The Most Common Dog Illnesses: Symptoms and Treatment
Have you ever wondered what the most common diseases are that affect dogs? Well, believe it or not, there are a number of ailments that dogs are susceptible to that are fairly common and can be easily treated. Most of these ailments are not serious, however, if they go undetected and therefore untreated, some do have the potential to pose a serious health issue to your dog.
Because we are in the pet care business here at Hillrose, we often get asked about these things; what are the common dog diseases, what are their symptoms and most importantly, what are the treatments for them? We did some research on this topic and here’s what we learned.
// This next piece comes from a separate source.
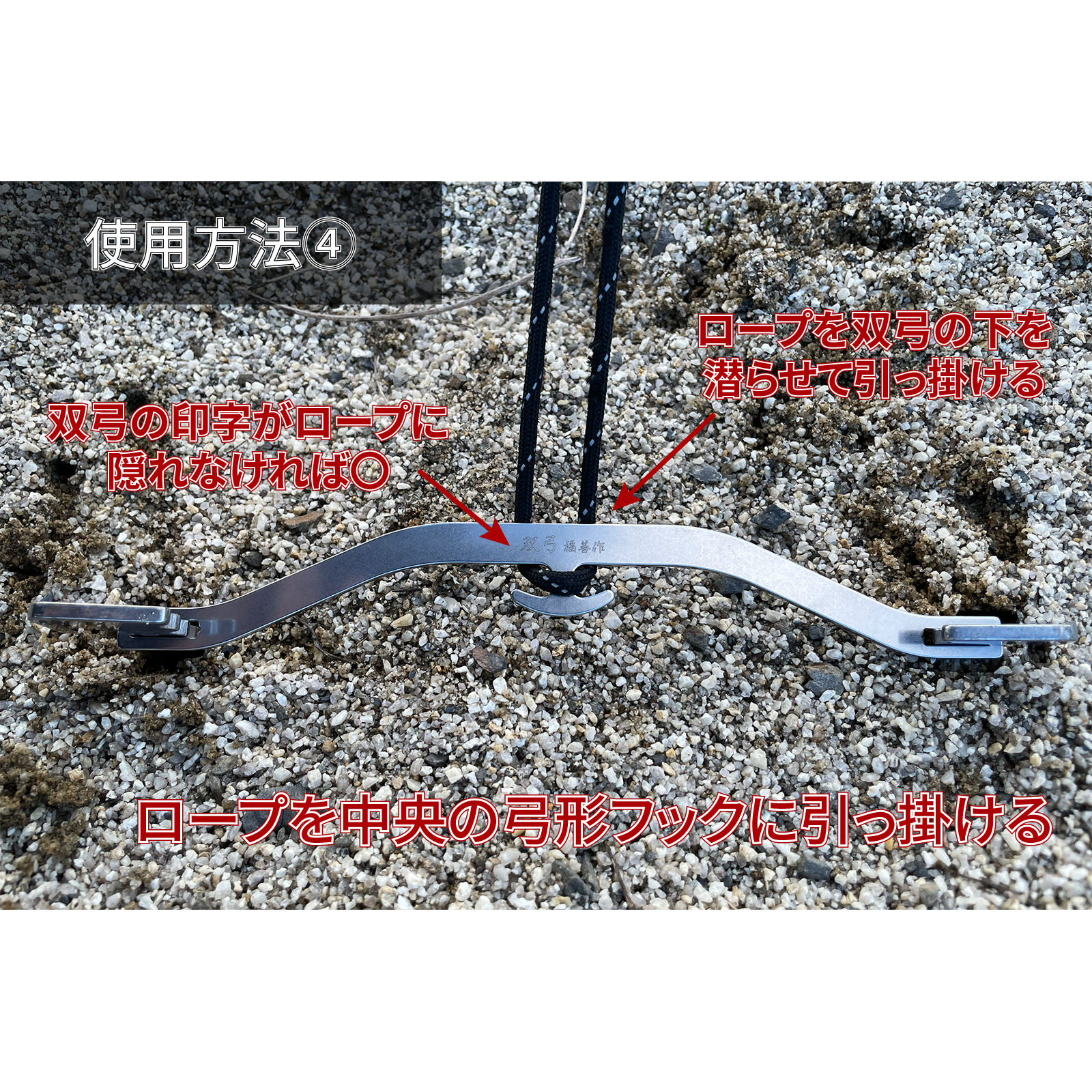 4.ロープを中央の弓形フックに引っ掛けます(※ロープは双弓の下を潜らせてください→双弓の印字がロープに隠れなければ〇)

Oral infections are actually the most common dog disease and tend to become an issue in dogs after the age of three. Tartar and gingivitis are among the most common oral issues while the more severe periodontal diseases, such as abscesses tend to occur more often in older dogs in the later stages of their life. Symptoms of dental disease are bad breath, loose teeth, changes in appetite particularly refusal to eat dry food, discharge of blood or pus from the mouth, drooling, bad temper, lumps on the gums or under the tongue and discolored teeth and gums.
Treatments for dental disease include teeth cleaning, extractions, and sometimes even a root canal is needed. All of these treatments would need to be administered by your dog’s vet. Oral care for your pet is very important and regular vet visits are the best way to keep the serious dental disease at bay. If your pet is groomed regularly, ask your groomer to clean his teeth as well. Here at Hillrose, teeth cleaning is part of our grooming package.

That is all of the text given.